The data below holds a line containing "kurz Rödeln lassen" and a line containing "Maak kennis met"; please quote exactly those two lines and every line between them, and nothing else.

- EXERCISE DATA -
=== Begin Enclosure ===

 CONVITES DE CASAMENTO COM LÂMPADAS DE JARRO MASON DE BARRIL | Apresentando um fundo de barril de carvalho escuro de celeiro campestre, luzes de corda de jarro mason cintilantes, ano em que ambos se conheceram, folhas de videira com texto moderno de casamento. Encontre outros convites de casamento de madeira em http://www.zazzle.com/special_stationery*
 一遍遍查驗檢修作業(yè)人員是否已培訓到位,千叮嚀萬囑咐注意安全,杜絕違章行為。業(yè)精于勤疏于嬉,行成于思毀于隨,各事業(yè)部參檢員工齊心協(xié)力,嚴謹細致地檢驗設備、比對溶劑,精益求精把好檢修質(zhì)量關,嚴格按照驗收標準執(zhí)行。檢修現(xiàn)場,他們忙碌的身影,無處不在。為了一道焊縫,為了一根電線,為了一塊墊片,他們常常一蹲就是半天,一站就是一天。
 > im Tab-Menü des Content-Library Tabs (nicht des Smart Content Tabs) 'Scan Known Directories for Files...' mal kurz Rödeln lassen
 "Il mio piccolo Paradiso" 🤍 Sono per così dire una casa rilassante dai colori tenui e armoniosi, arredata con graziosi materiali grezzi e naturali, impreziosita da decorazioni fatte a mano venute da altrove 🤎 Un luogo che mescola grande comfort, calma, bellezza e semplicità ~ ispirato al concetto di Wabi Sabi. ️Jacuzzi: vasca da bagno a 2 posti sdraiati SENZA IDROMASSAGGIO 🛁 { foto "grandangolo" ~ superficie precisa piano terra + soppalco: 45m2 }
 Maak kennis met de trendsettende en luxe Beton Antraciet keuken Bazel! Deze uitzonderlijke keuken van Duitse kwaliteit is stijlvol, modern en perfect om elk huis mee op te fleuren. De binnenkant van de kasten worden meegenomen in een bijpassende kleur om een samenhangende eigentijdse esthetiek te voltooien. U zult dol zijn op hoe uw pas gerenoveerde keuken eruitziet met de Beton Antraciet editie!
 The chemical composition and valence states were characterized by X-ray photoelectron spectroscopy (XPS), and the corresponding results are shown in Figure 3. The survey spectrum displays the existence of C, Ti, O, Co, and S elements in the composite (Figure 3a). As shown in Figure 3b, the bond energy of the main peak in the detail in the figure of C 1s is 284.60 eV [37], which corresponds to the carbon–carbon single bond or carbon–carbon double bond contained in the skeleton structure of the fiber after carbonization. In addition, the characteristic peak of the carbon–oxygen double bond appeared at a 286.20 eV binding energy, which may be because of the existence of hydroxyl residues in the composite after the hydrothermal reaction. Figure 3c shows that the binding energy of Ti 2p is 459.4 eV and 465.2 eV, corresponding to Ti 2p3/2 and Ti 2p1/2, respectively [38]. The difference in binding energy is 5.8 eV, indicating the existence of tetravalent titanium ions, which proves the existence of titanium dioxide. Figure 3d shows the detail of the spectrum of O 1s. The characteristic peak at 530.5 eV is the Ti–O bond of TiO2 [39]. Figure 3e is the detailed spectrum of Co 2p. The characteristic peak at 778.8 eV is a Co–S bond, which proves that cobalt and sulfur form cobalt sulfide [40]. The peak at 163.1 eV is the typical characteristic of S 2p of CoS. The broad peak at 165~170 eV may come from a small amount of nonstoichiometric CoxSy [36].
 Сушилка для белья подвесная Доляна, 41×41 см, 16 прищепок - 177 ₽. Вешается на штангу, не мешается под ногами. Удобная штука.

=== End Enclosure ===
=== Begin Enclosure ===

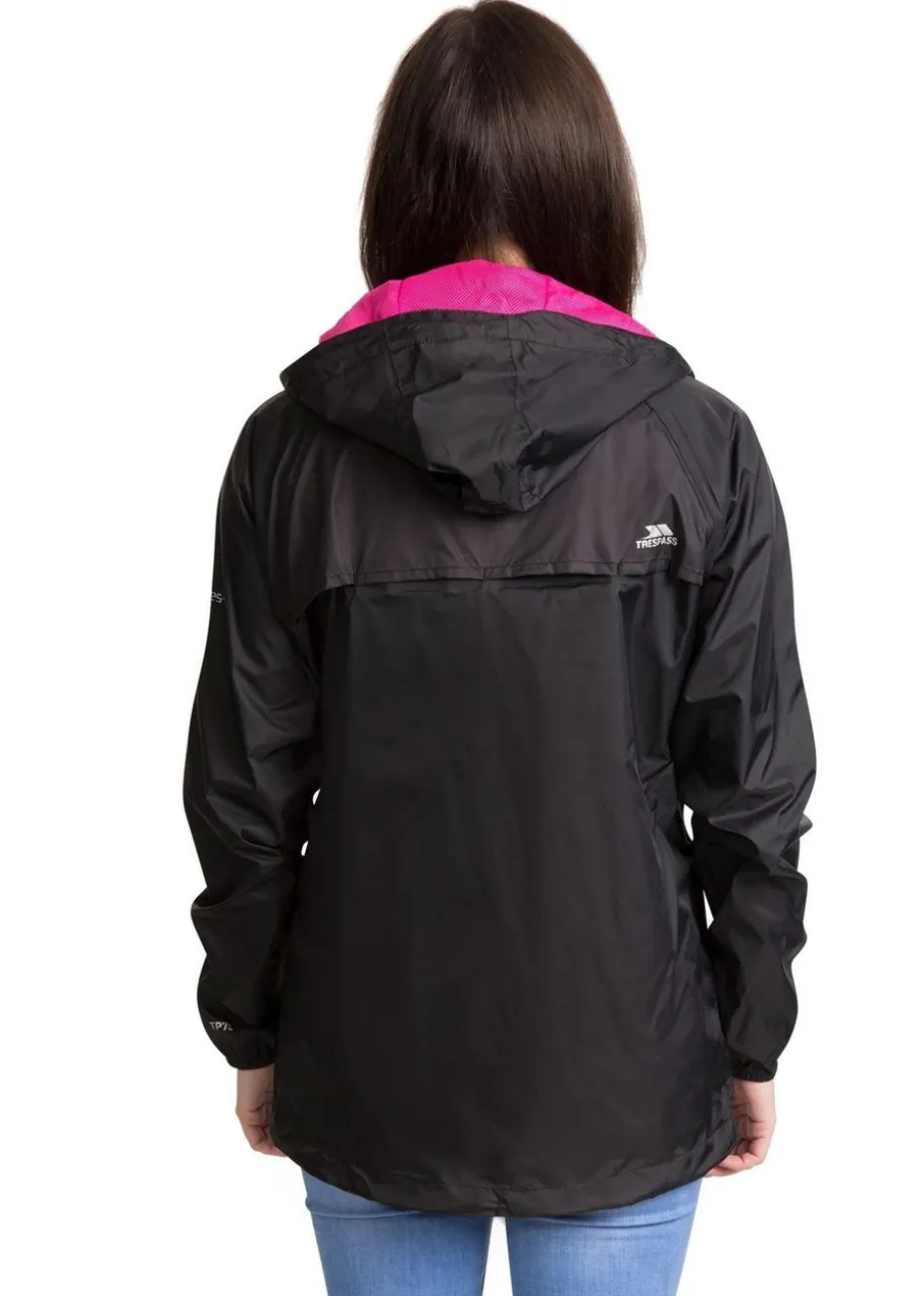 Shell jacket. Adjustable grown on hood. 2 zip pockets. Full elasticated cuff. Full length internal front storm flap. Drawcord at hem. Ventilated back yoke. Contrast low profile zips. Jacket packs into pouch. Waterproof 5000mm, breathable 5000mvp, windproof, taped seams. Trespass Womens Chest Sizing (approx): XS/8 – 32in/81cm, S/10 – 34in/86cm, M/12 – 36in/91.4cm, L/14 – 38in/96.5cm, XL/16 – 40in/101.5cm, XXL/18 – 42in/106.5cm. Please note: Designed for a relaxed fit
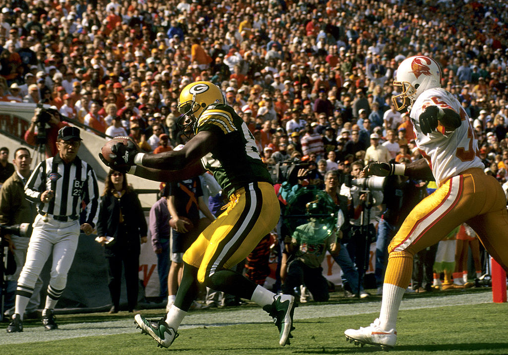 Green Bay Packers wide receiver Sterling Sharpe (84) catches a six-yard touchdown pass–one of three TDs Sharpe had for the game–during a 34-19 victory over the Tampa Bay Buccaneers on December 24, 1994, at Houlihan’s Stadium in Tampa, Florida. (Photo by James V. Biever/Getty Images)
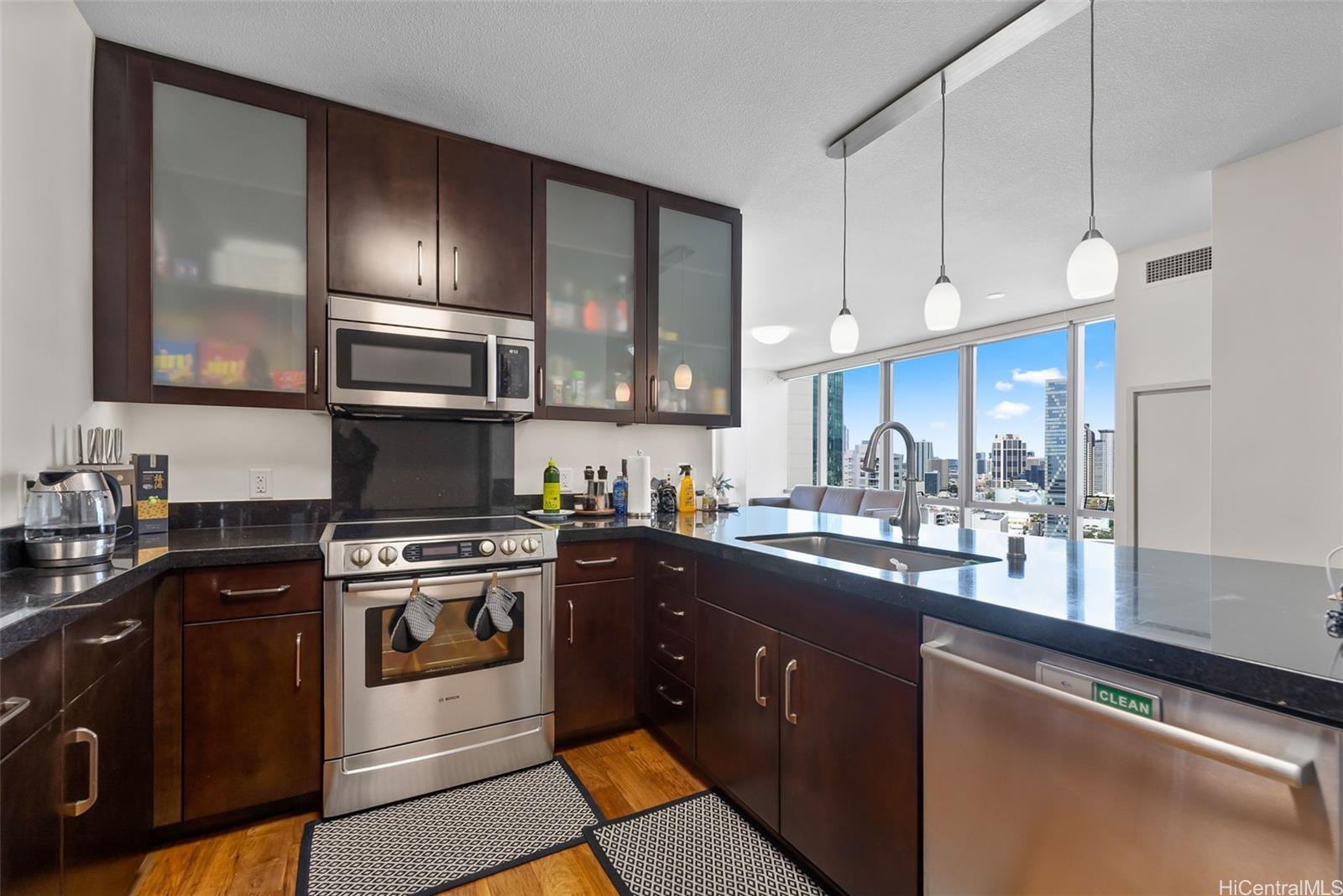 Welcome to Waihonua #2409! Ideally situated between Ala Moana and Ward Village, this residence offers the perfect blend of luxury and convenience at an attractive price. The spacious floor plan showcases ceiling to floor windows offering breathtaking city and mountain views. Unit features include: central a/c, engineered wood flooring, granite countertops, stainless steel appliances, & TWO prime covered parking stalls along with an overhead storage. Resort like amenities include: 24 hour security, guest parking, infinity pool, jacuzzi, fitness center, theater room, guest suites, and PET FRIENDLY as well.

=== End Enclosure ===

- EXERCISE SOLUTION -
 > im Tab-Menü des Content-Library Tabs (nicht des Smart Content Tabs) 'Scan Known Directories for Files...' mal kurz Rödeln lassen
 "Il mio piccolo Paradiso" 🤍 Sono per così dire una casa rilassante dai colori tenui e armoniosi, arredata con graziosi materiali grezzi e naturali, impreziosita da decorazioni fatte a mano venute da altrove 🤎 Un luogo che mescola grande comfort, calma, bellezza e semplicità ~ ispirato al concetto di Wabi Sabi. ️Jacuzzi: vasca da bagno a 2 posti sdraiati SENZA IDROMASSAGGIO 🛁 { foto "grandangolo" ~ superficie precisa piano terra + soppalco: 45m2 }
 Maak kennis met de trendsettende en luxe Beton Antraciet keuken Bazel! Deze uitzonderlijke keuken van Duitse kwaliteit is stijlvol, modern en perfect om elk huis mee op te fleuren. De binnenkant van de kasten worden meegenomen in een bijpassende kleur om een samenhangende eigentijdse esthetiek te voltooien. U zult dol zijn op hoe uw pas gerenoveerde keuken eruitziet met de Beton Antraciet editie!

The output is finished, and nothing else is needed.